- _Work to be completed_: Copy out each line below verbatim, skipping any picture.

- _Provided data_:
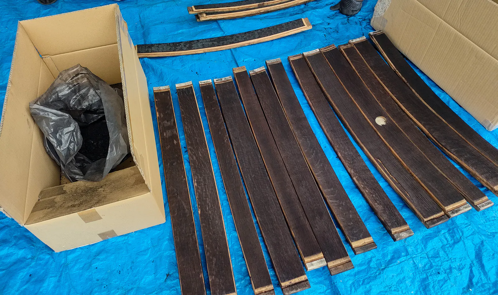 今回使用する樽材は、何年も使用されて割れが出たものや何度も削られて薄くなったものなど、廃棄予定の物を使用。焦げた部分を削り落としたうえで、熟成に必要な成分が残っている部分だけを使用しました。
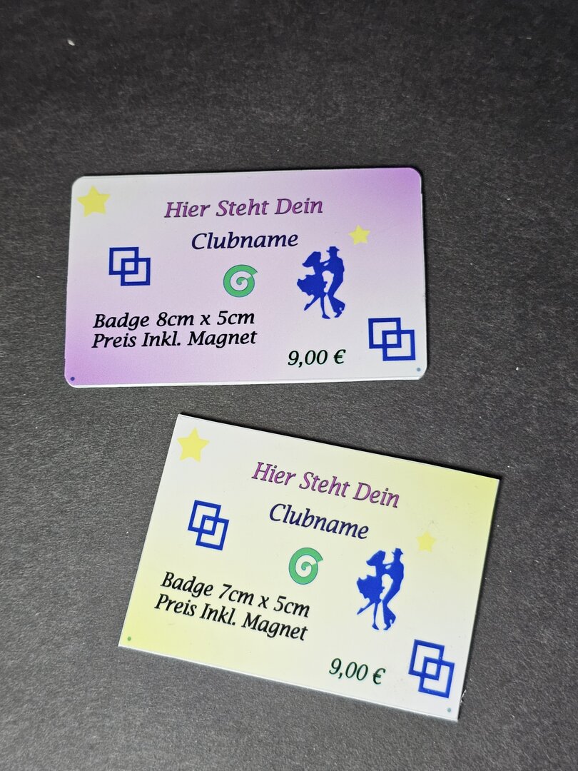 Badge ist ein Schild meist mit Logo und wird häufig mit Magnet befestigt. Ein Badge findet Anwendung in z. B. Sportvereinen wie Square Dance, Dart und anderen. Es kann aber auch bei Messen für Mitarbeiter verwendet werden.
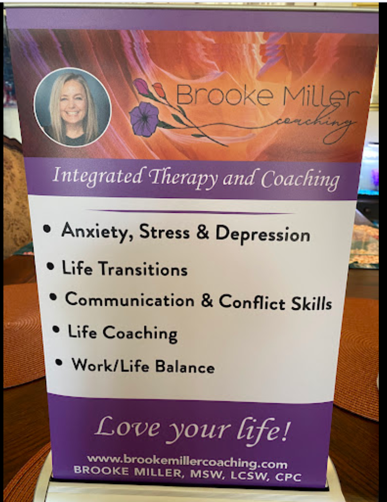 *** Sparrow Printing designed and set up printing for Brooke Coaching Retractable Table Display. It was delivered via next day shipping to make it on time for an event. This picture shows the finished product
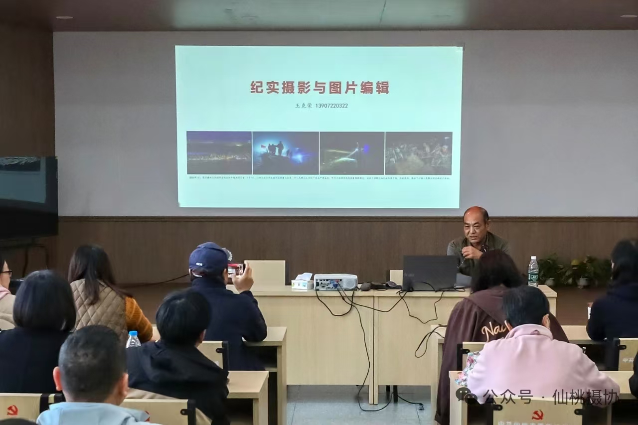 6、2025年11月16日,市摄影家协会2025年摄影培训班在结对共建袁市村迎来了一堂别开生面的纪实摄影课程。此次课程由市摄协主席王克荣授课,主题为《纪实摄影与图片编辑》,近30名学员参加了学习。

- _Answer for this exercise_:
 今回使用する樽材は、何年も使用されて割れが出たものや何度も削られて薄くなったものなど、廃棄予定の物を使用。焦げた部分を削り落としたうえで、熟成に必要な成分が残っている部分だけを使用しました。
 Badge ist ein Schild meist mit Logo und wird häufig mit Magnet befestigt. Ein Badge findet Anwendung in z. B. Sportvereinen wie Square Dance, Dart und anderen. Es kann aber auch bei Messen für Mitarbeiter verwendet werden.
 *** Sparrow Printing designed and set up printing for Brooke Coaching Retractable Table Display. It was delivered via next day shipping to make it on time for an event. This picture shows the finished product
 6、2025年11月16日,市摄影家协会2025年摄影培训班在结对共建袁市村迎来了一堂别开生面的纪实摄影课程。此次课程由市摄协主席王克荣授课,主题为《纪实摄影与图片编辑》,近30名学员参加了学习。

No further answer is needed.